## About this task
Reproduce exactly the lines of the material beneath, from the line that contains "4. Firms need" to the line that contains "Gezicht op het", both included, and no other lines.

## Provided records
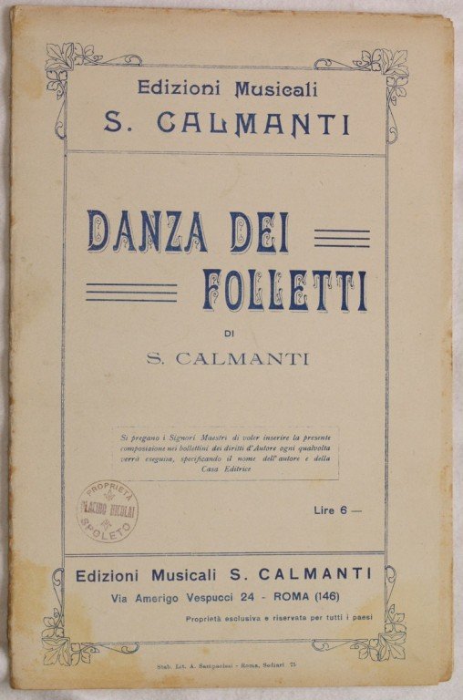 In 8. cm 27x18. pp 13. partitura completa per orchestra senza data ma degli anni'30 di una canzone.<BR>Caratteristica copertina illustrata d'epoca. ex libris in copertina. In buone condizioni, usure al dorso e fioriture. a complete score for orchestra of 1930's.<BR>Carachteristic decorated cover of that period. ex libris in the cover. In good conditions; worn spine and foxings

--

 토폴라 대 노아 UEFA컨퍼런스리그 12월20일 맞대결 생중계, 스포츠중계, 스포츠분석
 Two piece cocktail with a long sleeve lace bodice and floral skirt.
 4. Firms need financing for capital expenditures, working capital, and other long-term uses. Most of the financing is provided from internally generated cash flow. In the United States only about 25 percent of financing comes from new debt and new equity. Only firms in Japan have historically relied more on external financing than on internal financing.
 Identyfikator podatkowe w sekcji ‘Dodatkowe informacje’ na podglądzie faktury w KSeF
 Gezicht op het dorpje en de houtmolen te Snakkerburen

* * *

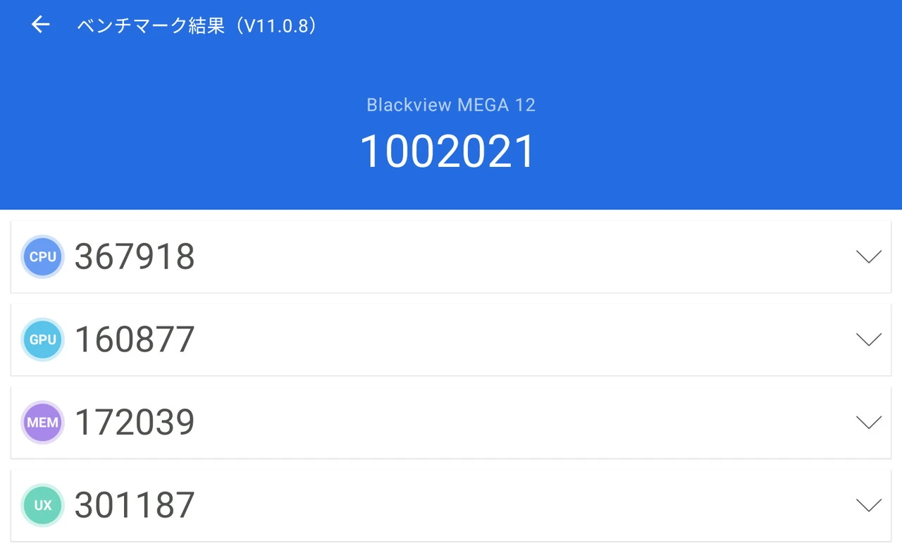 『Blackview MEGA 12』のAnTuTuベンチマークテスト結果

## Answer to this exercise
 4. Firms need financing for capital expenditures, working capital, and other long-term uses. Most of the financing is provided from internally generated cash flow. In the United States only about 25 percent of financing comes from new debt and new equity. Only firms in Japan have historically relied more on external financing than on internal financing.
 Identyfikator podatkowe w sekcji ‘Dodatkowe informacje’ na podglądzie faktury w KSeF
 Gezicht op het dorpje en de houtmolen te Snakkerburen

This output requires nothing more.